April 12, 2006
The Today Show Keeps Matt Lauer
If you're like me, when Katie Couric announced she would be leaving the Today Show, there were a few days where you didn't eat, woke up in cold sweats, yelled at dogs, and prayed, above all else, that you wouldn't lose the rest of the team that, between live Amy Grant performances and specials on what-to-wear, occasionally reported news. Well, worry no longer, folks. Matt Lauer has agreed to a contract extension to keep him at the desk for at least another five years. Meaning five more spectacular years of "Where in the World is Matt Lauer?" and "I'm Going Bald So I'll Get a Buzzcut." Thank God. I'm not me without an hour of Lauer each morning.

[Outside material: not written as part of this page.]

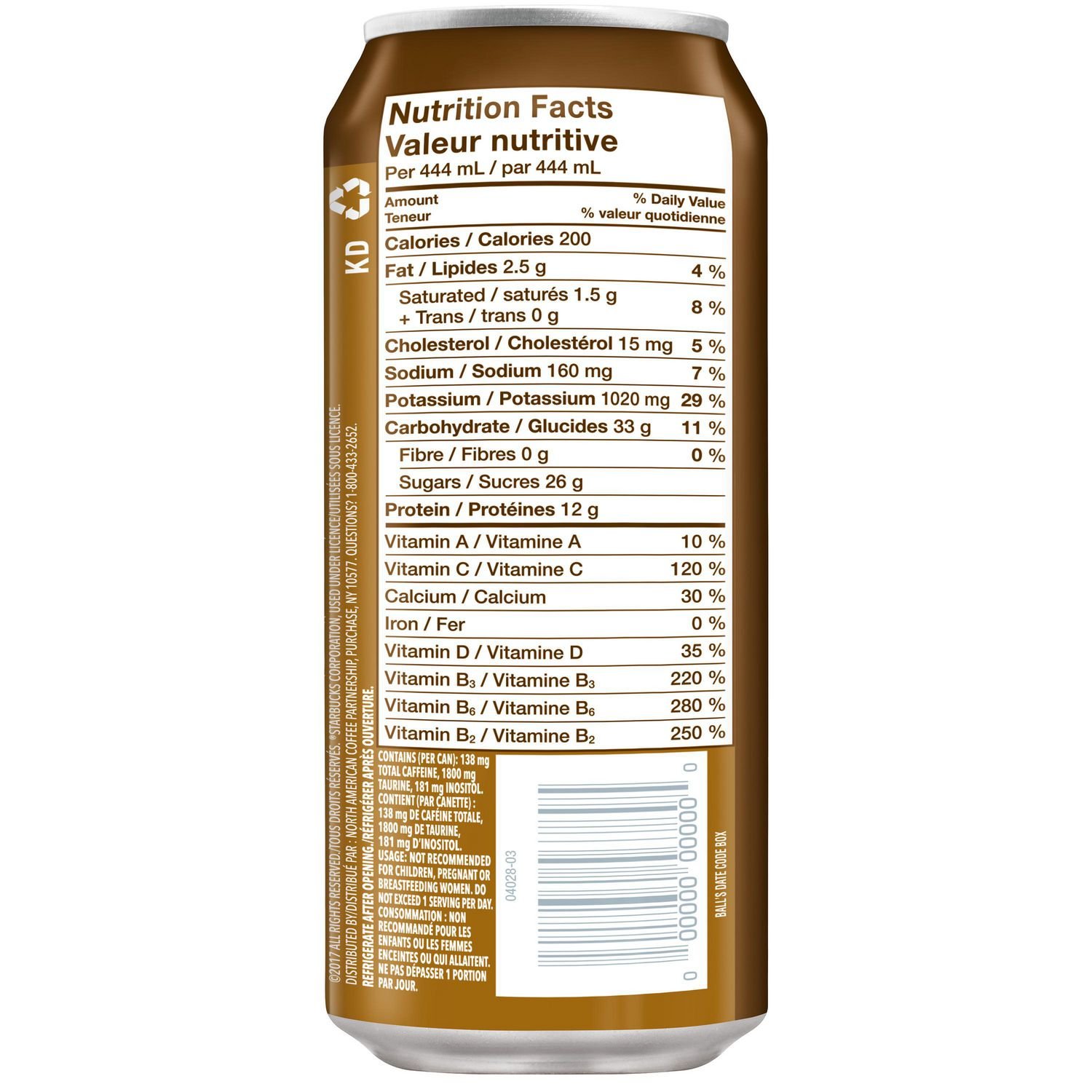 | Fabric Property | • Starbucks Doubleshot Energy Coffee Beverage is perfectly blended with rich. bold Starbucks coffee • A delicious Coffee + Energy Beverage. for on the go. • Enhanced with guarana. B vitamins. and ginseng |

Earlier last week, it was announced Meredith Vieiera would be taking over for Couric, opening a spot on The View for Star Jones to expand into. She's like a goldfish.
Previous Entries
Xmen: The Last Stand's Multiple Man Revealed

The newest picture from X-Men: The Last Stand gives us the first look at the mutant Multiple Man, who, as the picture implies, is able to replicate himself. Nothing too shocking has been done with the look of the character, but I have a feeling fans will be surprised by the content of this pivotal scene:
Multiple Man: Hey, Mystique! I'm gonna need this many guys to get up on that big ol' ass of yours!
Magneto: Shit!
End of film.
Peaceful Warrior Trailer
From the movie, based on the best-selling novel Way of the Peaceful Warrior, comes the trailer for Peaceful Warrior. And believe me, you're probably going to want to see this more than committing to either of the prior tasks. From what I could gather, the plot is as follows: After a career-ending motorcycle accident, a popular male gymnast, with the help of a 100-year-old Nick Nolte, learns that there's more to the world of competitive gymnastics than the partying, popularity, and success with women. There's also all the embarrassing, kind of gay parts, that you have to try to hide. Like wearing little spandex leotards and flipping around on mats with some other guys.

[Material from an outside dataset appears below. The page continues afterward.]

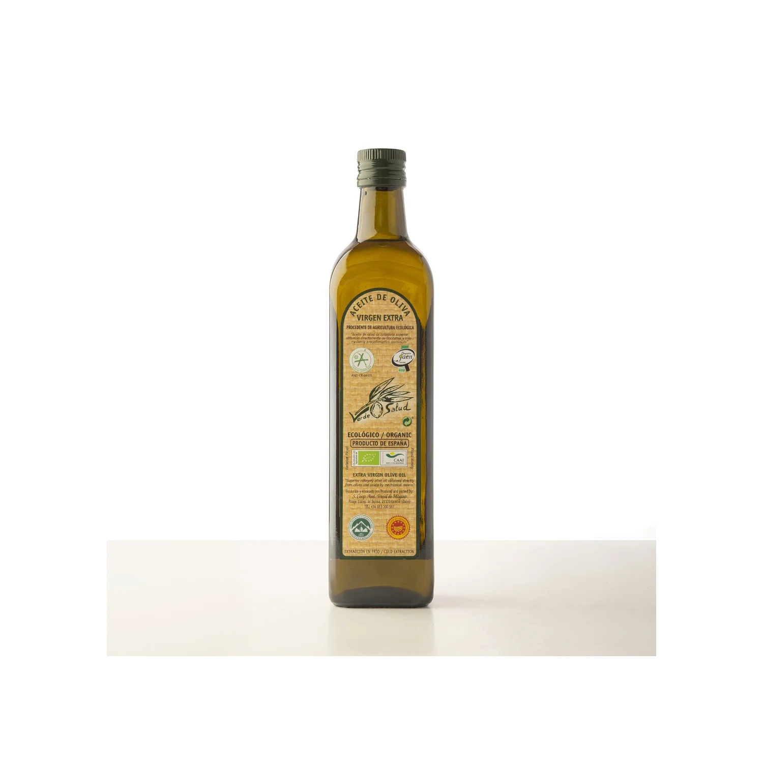 Verde Salud es un aceite de oliva virgen extra ecológico de variedad picual y con Denominación de Origen Sierra Mágina.

Mission: Impossible III Laugh Reel
Just when I was starting to think maybe I'd check out Mission: Impossible III, the makers have shown me a reason not to: a "laugh reel." While I'm sure the idea of a "laugh reel" sounded great while it was being extracted from Dick Clark's dying brain, seeing writer/director J.J. Abrams acting like someone from the Friars Club while Tom Cruise laughs like an idiot makes me realize that I'd never want to see anything either of the two have produced. Besides in ten years, when I'll want to see Cruise's kid being brought down from a clock tower, where he's been picking people off with a rifle for just under an hour.
The Zodiac Trailer
Since no one at all is getting sick of "psychological thrillers" (they're like horror but with less monsters and breasts, but more serial killers), they've gone ahead and made a trailer to promote another one. Zodiac tells the semi-true of the Zodiac Killer and a father and son who become obsessed with finding him. I'm convinced it will do for the psychological thriller genre what Sanford and Son did for the junk store dealer genre, in that they both have fathers and sons. Since the Zodiac Killer was known for his complex codes, I thought I'd try my hand at the same. It LoOkS TeRribLe!

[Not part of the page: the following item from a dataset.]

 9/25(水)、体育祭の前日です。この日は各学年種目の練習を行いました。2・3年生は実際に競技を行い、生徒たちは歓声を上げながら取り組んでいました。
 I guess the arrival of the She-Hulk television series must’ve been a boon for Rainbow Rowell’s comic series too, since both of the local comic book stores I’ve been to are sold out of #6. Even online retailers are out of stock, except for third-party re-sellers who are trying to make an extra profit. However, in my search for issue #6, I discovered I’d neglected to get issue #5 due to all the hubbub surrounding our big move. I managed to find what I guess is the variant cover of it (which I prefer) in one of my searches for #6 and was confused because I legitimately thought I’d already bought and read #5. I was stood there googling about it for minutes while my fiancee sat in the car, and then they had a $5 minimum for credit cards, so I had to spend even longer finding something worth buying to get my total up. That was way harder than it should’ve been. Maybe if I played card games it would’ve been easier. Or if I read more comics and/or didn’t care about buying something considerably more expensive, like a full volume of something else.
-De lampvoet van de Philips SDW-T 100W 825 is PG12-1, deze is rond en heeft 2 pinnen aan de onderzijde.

John Tucker Must Die Trailer
The popularity divining rod for kids, MySpace, has the trailer for the upcoming teen comedy John Tucker Must Die. The story is about three high school girls out to get revenge on the most popular guy in school for his infidelities, possibly even to the point of murder-- sort of a 9 to 5 for high schoolers. It looks like your standard teen comedy, except I'm a bit confused about how they portray John Tucker as "cool" by showing that he was able to wear a woman's thong to school. If wearing women's underwear were all it took to be cool in high school, I would have been double-cool! (I wore panties and a bra).